The University of Michigan Frankel Cardiovascular Center is home to one of the worlds largest and most experienced left ventricular assist device (LVAD) programs. In fact, U-M’s LVAD program has successfully implanted more than 580 long-term devices. The program is one of only a few worldwide with access to many investigational and FDA-approved LVADs.
For most LVAD patients, the procedure provides an opportunity to return to normalcy and to enjoy a better overall quality of life. One such patient is Jerome Wilson, whose heart failure journey began 20 years ago when he found himself unable to walk up a flight of stairs without feeling tired. He was referred to the Frankel Cardiovascular Center a few years ago, where he met Todd Koelling, M.D., a cardiologist who is also the medical director of the Heart Failure and Heart Transplantation Management Program. Dr. Koelling co-manages Jerome’s care with his primary care physician in Lansing. Together they had prescribed medications and a defibrillator to help treat Jerome’s heart failure.
Early last year, Jerome’s condition had deteriorated to the point where a left ventricular assist device might be his best option for improving not only his quality of life, but also his chances for survival. Last May, Francis D. Pagani, M.D., Ph.D., a cardiac surgeon and director of the Center for Circulatory Support, implanted Jerome’s LVAD and he returned home just 13 days after his procedure.
Here is Jerome’s story:
“The only thing wrong with me is my heart — everything else is great. When it came time to talk about getting an LVAD, I knew a little bit about it, but Dr. Koelling explained it to me in depth, including which pump might be best for me.
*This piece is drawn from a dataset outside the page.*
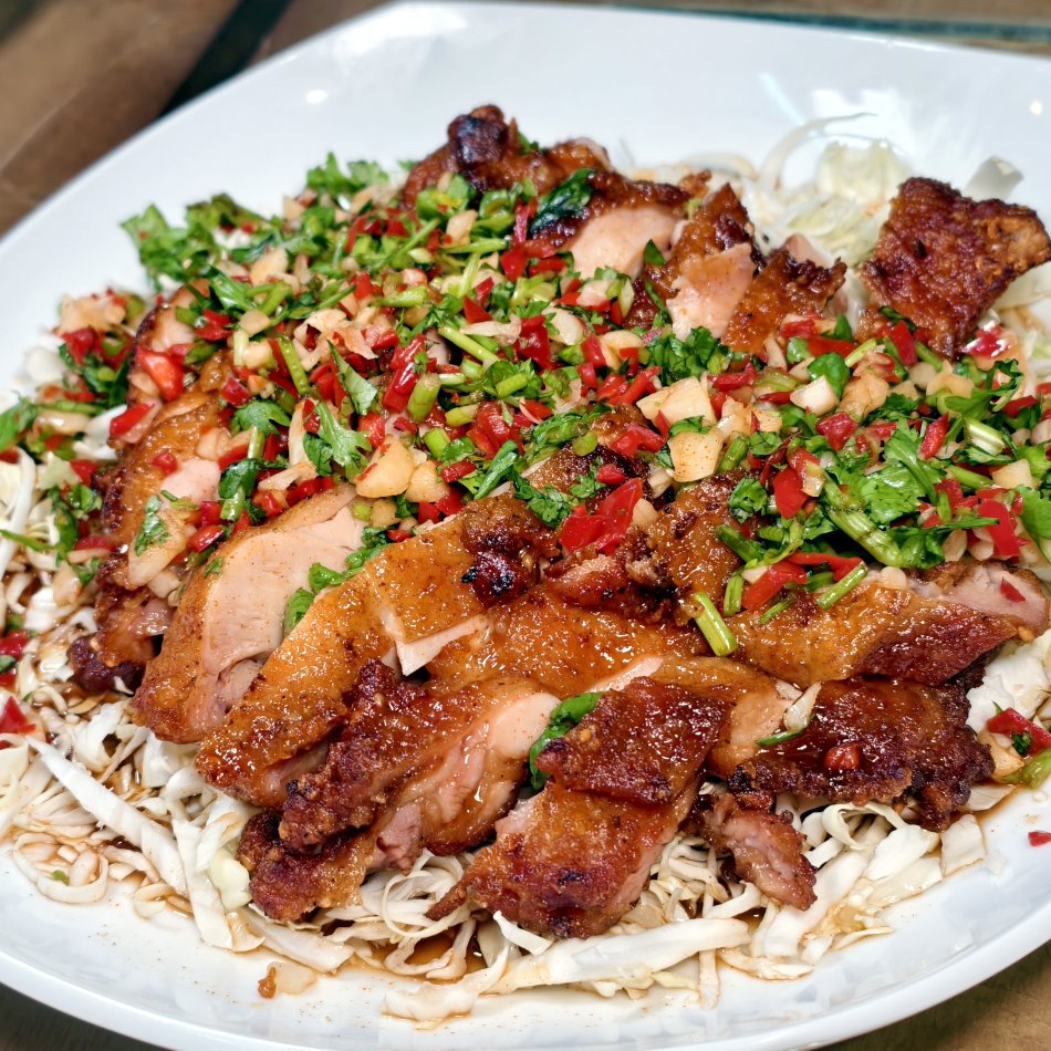 ▼泰式椒麻雞炸至外酥內嫩,份量十足,搭配酸香微辣的醬料更是超開胃!
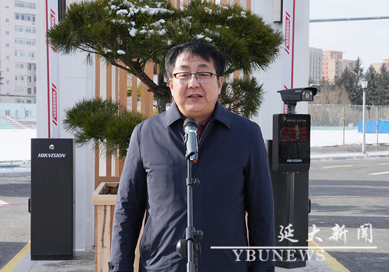 东门通车仪式由学校党政办公室主任王国梁主持。校党委常委、宣传部·教师工作部部长王洪国,学校和吉林省弘方建设集团有限公司相关负责人参加仪式。

Finding out that I was approved for an LVAD were magic words — exactly what I wanted to hear.
Dr. Pagani performed the procedure in May. After the surgery, they had me on my feet as soon as I woke up. I was able to take five or six steps that day. The next day, I was able to walk into the hallway. Once the blood started flowing through my legs, walking became much easier. I got stronger and stronger. I found out that the shortest amount of time for a patient to stay in the hospital after having an LVAD was 10 days. I was determined to do it in nine days, but ended up staying for 13. As a 61-year-old man, I was able to accomplish this!
Before I could leave the hospital, my wife and I had to be able to take my controller apart and put it back together. We had to understand each alarm and what to do if an alarm went off. We learned how to read the battery life screen and how to tell if the batteries were fully charged. I’m healthy enough now to take showers using a special bag to protect my LVAD. I can also change my own batteries.
I feel like the luckiest man in the world. All of my doctors have been good to me and for me — from with my primary care physician all the way through to the surgical team. Their communication has been great and they really care. The LVAD people have been wonderful, too. It’s almost like another family. I talk to them every week and they’re always available, if necessary. When I do call, the nurses are very responsive as they take me through troubleshooting steps.
My recovery was pretty fast because I’m in really good shape. I’ve been with a physical trainer since I was diagnosed at 42, and I still train with him. He even spoke with the LVAD clinic before I returned to the gym three months ago. My weakness was apparent at first, but my trainer tells me I’m stronger and have more stamina now.
With the LVAD, my lifestyle has changed. I’m carrying this 30-pound object around wherever I go. I can’t just set it down and walk away. I take everything in stride, though.
I’ve been able to put a lot of people at ease because, even though they notice the pump in my chest, they can see that I’m normal. I get around well. My color has come back. I look and feel much healthier. It’s amazing how healthy you can look when blood is flowing through your body the way it should flow!
My wife lets me be as active as I can be, but she also makes sure I’m not overdoing it. I feel like I’ve had the best care any person could have. I feel blessed that I’m still here. If I hadn’t had the LVAD put in when I did, there’s a chance I wouldn’t be here today.”